◆ Material for the task
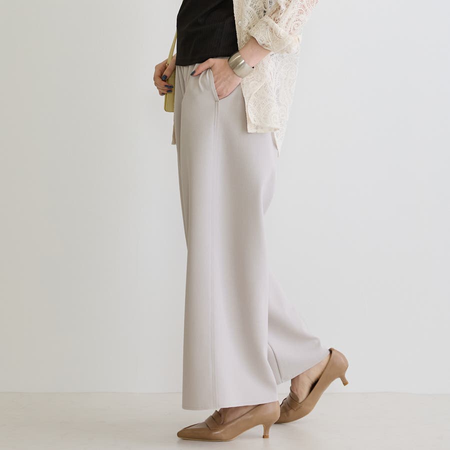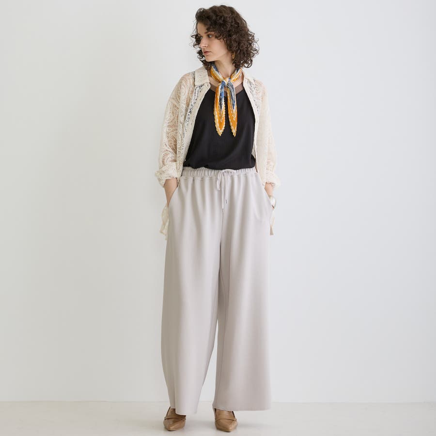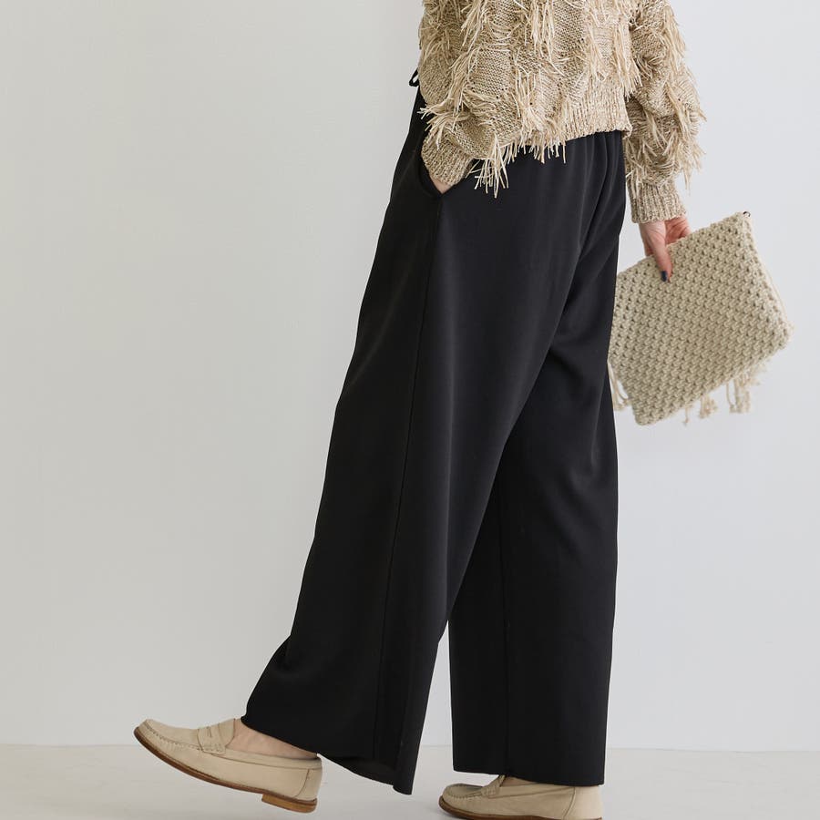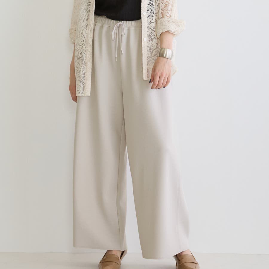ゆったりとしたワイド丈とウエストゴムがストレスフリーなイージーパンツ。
* * *
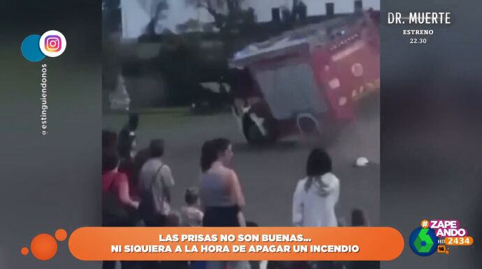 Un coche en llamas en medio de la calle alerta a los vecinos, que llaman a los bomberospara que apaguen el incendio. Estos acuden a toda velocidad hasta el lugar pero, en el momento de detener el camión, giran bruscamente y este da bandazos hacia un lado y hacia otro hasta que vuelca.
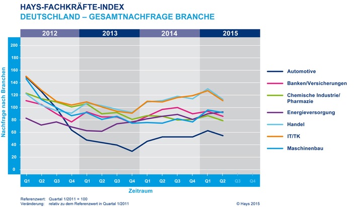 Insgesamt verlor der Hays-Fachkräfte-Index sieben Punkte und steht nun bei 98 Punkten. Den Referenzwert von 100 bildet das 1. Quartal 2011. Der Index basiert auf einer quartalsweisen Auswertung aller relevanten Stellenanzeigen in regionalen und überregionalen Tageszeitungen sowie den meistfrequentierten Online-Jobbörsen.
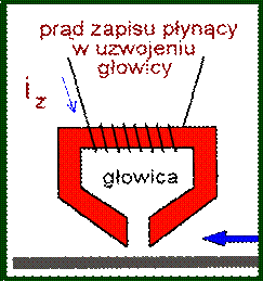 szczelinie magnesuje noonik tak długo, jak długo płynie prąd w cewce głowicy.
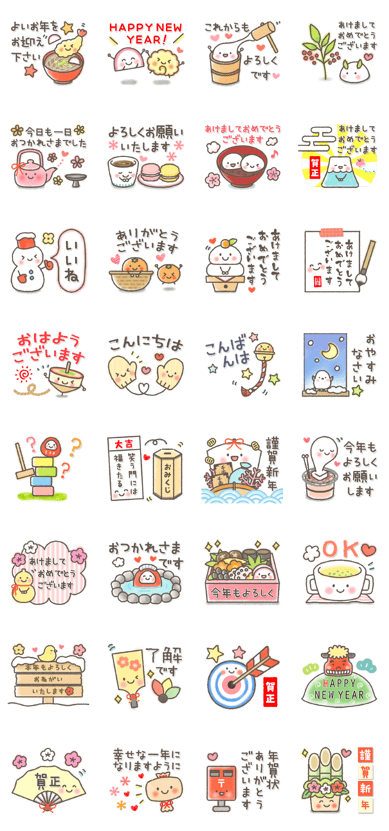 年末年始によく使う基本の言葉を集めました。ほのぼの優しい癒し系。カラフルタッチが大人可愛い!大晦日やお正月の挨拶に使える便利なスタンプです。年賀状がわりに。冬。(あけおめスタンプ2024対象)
==
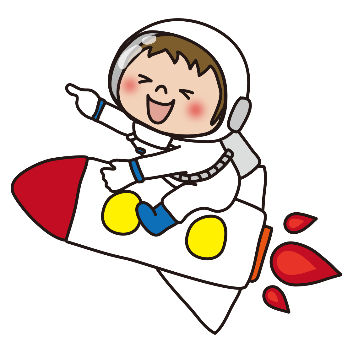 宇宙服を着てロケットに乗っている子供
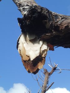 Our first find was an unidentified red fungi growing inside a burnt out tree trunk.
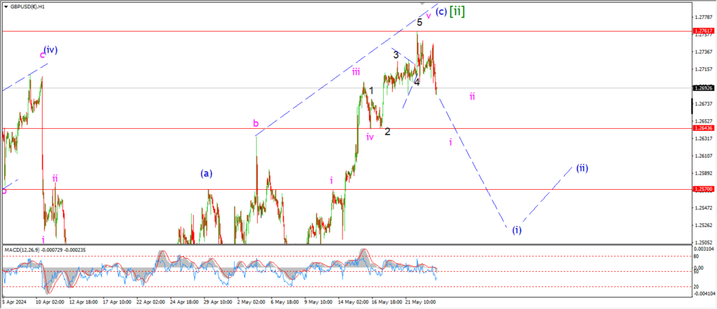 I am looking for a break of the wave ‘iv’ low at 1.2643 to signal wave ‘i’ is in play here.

◆ Requirement
What you return must match the lines above from the one with "Un coche en" through the one with "Insgesamt verlor der" exactly, with both ends included and the pictures excluded.

◆ Reply
 Un coche en llamas en medio de la calle alerta a los vecinos, que llaman a los bomberospara que apaguen el incendio. Estos acuden a toda velocidad hasta el lugar pero, en el momento de detener el camión, giran bruscamente y este da bandazos hacia un lado y hacia otro hasta que vuelca.
 Insgesamt verlor der Hays-Fachkräfte-Index sieben Punkte und steht nun bei 98 Punkten. Den Referenzwert von 100 bildet das 1. Quartal 2011. Der Index basiert auf einer quartalsweisen Auswertung aller relevanten Stellenanzeigen in regionalen und überregionalen Tageszeitungen sowie den meistfrequentierten Online-Jobbörsen.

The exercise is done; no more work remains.